***** DATA EXCERPTS

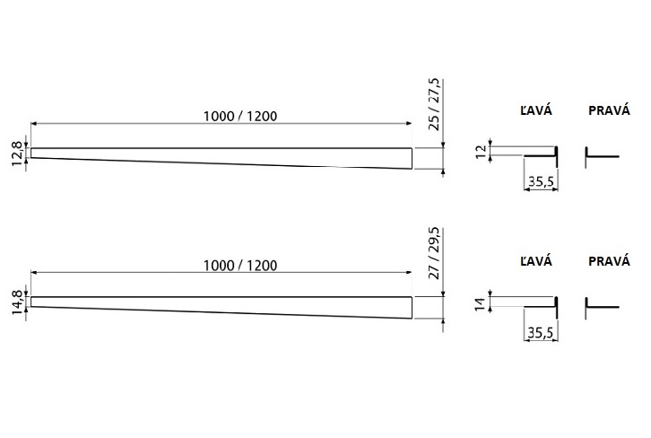 Nerezová lišta pre spádovanú podlahu, výška lemu 12 mm, dĺžka 1200 mm, ľavá
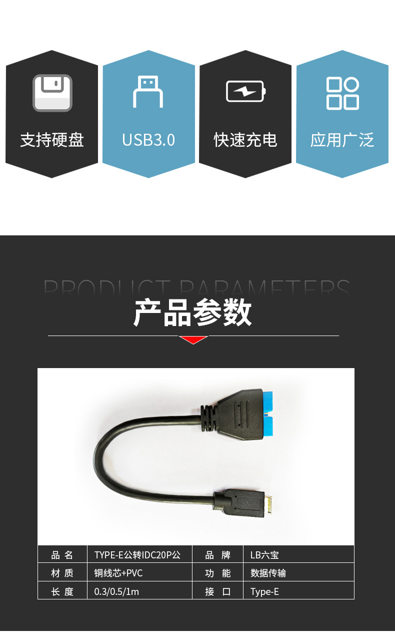 USB3.0 타입-E 남성-IDC20P 남성 컴퓨터 케이스 마더보드 어댑터 확장 케이블
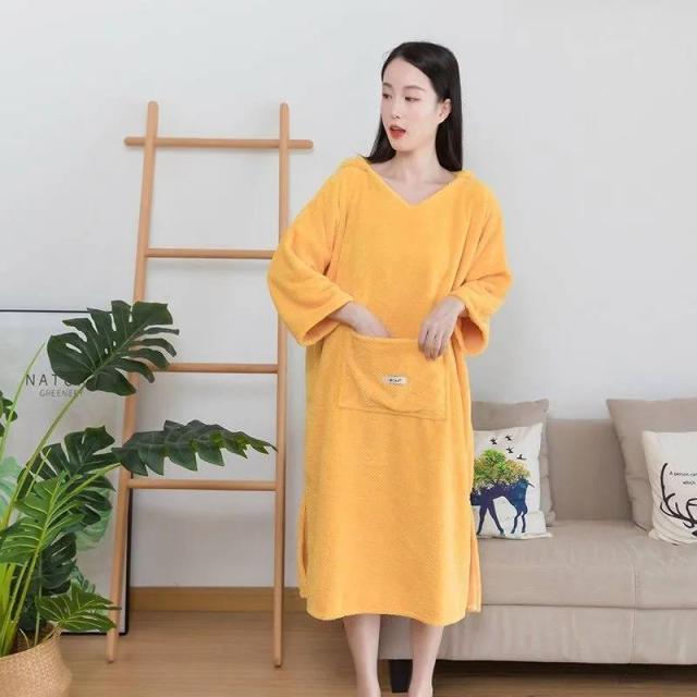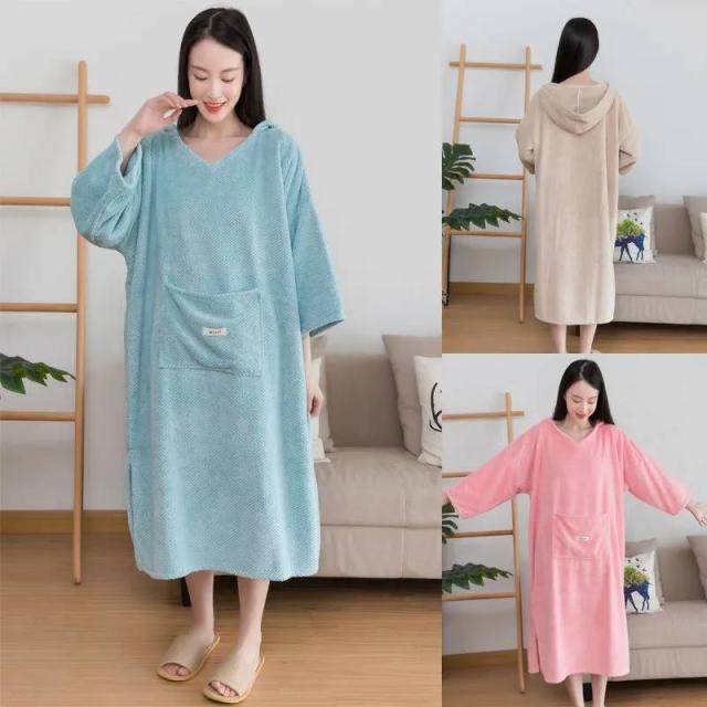 バスローブ フード付き レディース バスドレス マイクロファイバー 吸水 長袖 パジャマ ルームウエア プルオーバー ポケット スリット ミモレ丈 ワンピース 112×68cm かわいい モコモコ
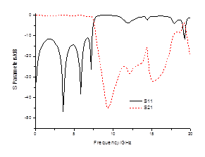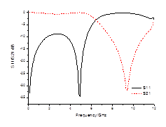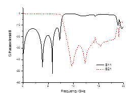 本文所设计的CPS结构低通滤波器所用介质板的相对介电常数为2.55,厚度为0.8mm,覆铜厚度为0.035mm。根据全波仿真软件IE3D分析,平行传输线的线宽W和间距S分别为0.6mm和0.4mm时,CPS的特性阻抗Z0为172ohm。
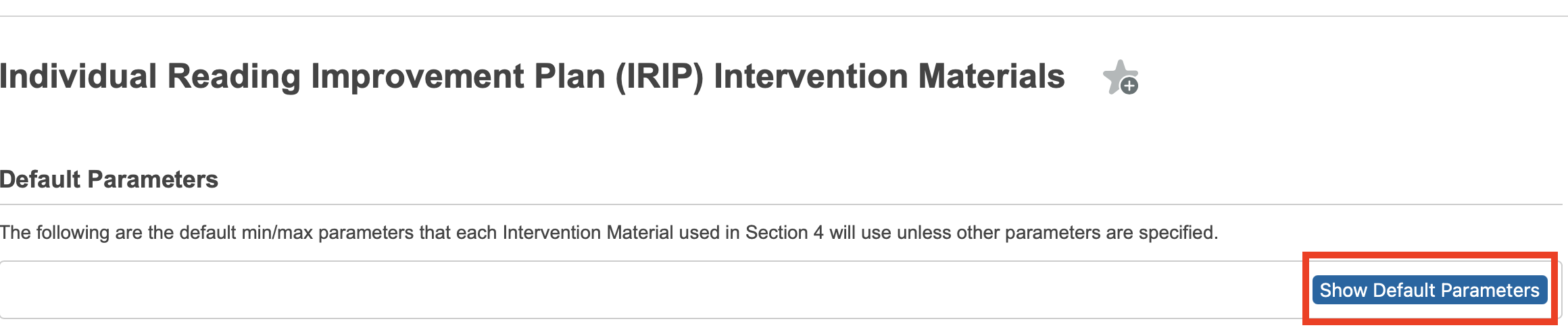 During implementation, a default set of parameters were defined for all interventions that populate the Days per Week, Minutes per Day, and Group Size drop-down menus. These default values can be editing by clicking the, "Show Default Parameters" button at the top of the page.
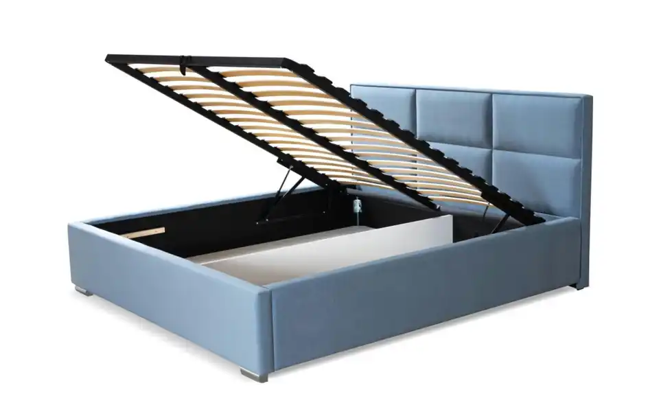 - Ausstattung / FunktionBettkastenöffnung linksBettkastenöffnung rechtsinnen liegender Bettkastenmit GasdruckfederKopfteil rundherum bezogen
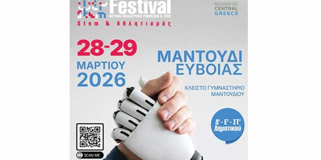 Η Περιφέρεια Στερεάς Ελλάδας διοργανώνει Φεστιβάλ Εκπαιδευτικής Ρομποτικής “RoboFestival STEM | Robotics – Coding – Engineering – Maths”, έχοντας ως βασικό θέμα την κατασκευή και τον προγραμματισμό ρομπότ με χρήση δομικών στοιχείων LEGO,που θα πραγματοποιηθεί στις 28 και 29Μαρτίου 2026, στοΜαντούδι και συγκεκριμένα στο κλειστό Γυμναστήριο Μαντουδίου.
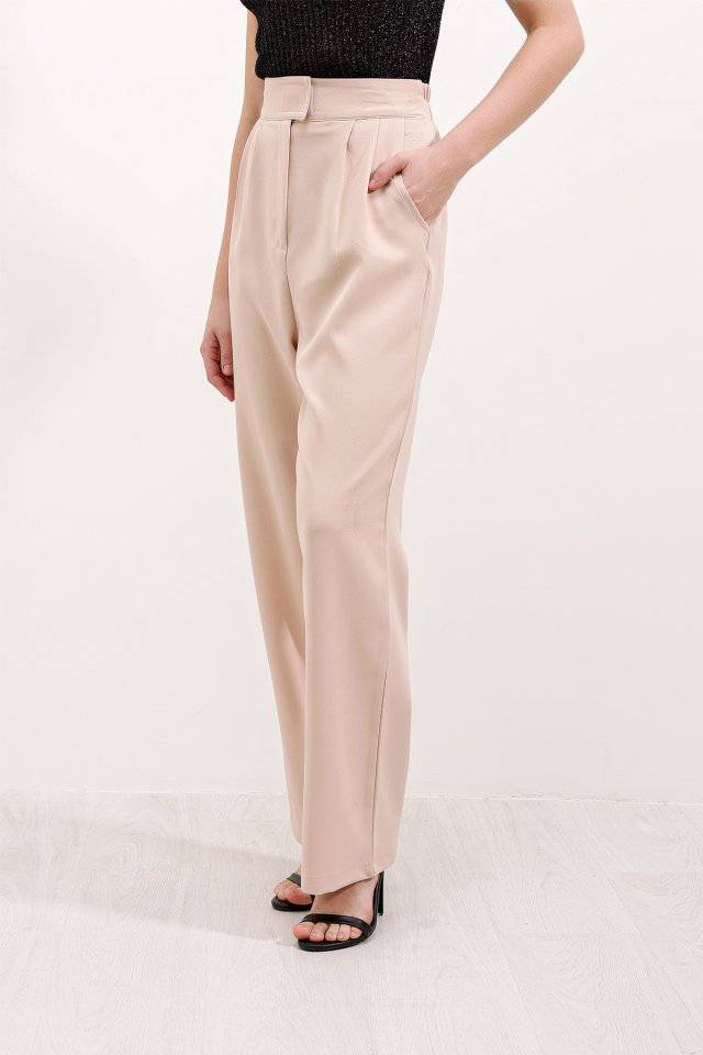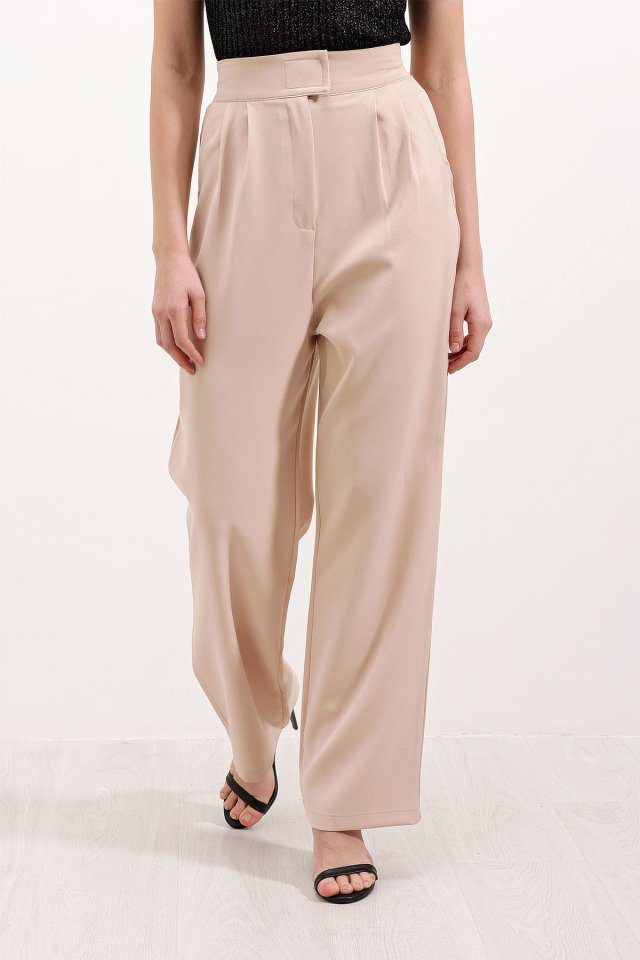 Bej Yüksek Bel Kumaş Pantolon 6612

**********

Excluding all pictures, reproduce the records exactly as they appear above.

 Nerezová lišta pre spádovanú podlahu, výška lemu 12 mm, dĺžka 1200 mm, ľavá
 USB3.0 타입-E 남성-IDC20P 남성 컴퓨터 케이스 마더보드 어댑터 확장 케이블
 バスローブ フード付き レディース バスドレス マイクロファイバー 吸水 長袖 パジャマ ルームウエア プルオーバー ポケット スリット ミモレ丈 ワンピース 112×68cm かわいい モコモコ
 本文所设计的CPS结构低通滤波器所用介质板的相对介电常数为2.55,厚度为0.8mm,覆铜厚度为0.035mm。根据全波仿真软件IE3D分析,平行传输线的线宽W和间距S分别为0.6mm和0.4mm时,CPS的特性阻抗Z0为172ohm。
 During implementation, a default set of parameters were defined for all interventions that populate the Days per Week, Minutes per Day, and Group Size drop-down menus. These default values can be editing by clicking the, "Show Default Parameters" button at the top of the page.
 - Ausstattung / FunktionBettkastenöffnung linksBettkastenöffnung rechtsinnen liegender Bettkastenmit GasdruckfederKopfteil rundherum bezogen
 Η Περιφέρεια Στερεάς Ελλάδας διοργανώνει Φεστιβάλ Εκπαιδευτικής Ρομποτικής “RoboFestival STEM | Robotics – Coding – Engineering – Maths”, έχοντας ως βασικό θέμα την κατασκευή και τον προγραμματισμό ρομπότ με χρήση δομικών στοιχείων LEGO,που θα πραγματοποιηθεί στις 28 και 29Μαρτίου 2026, στοΜαντούδι και συγκεκριμένα στο κλειστό Γυμναστήριο Μαντουδίου.
 Bej Yüksek Bel Kumaş Pantolon 6612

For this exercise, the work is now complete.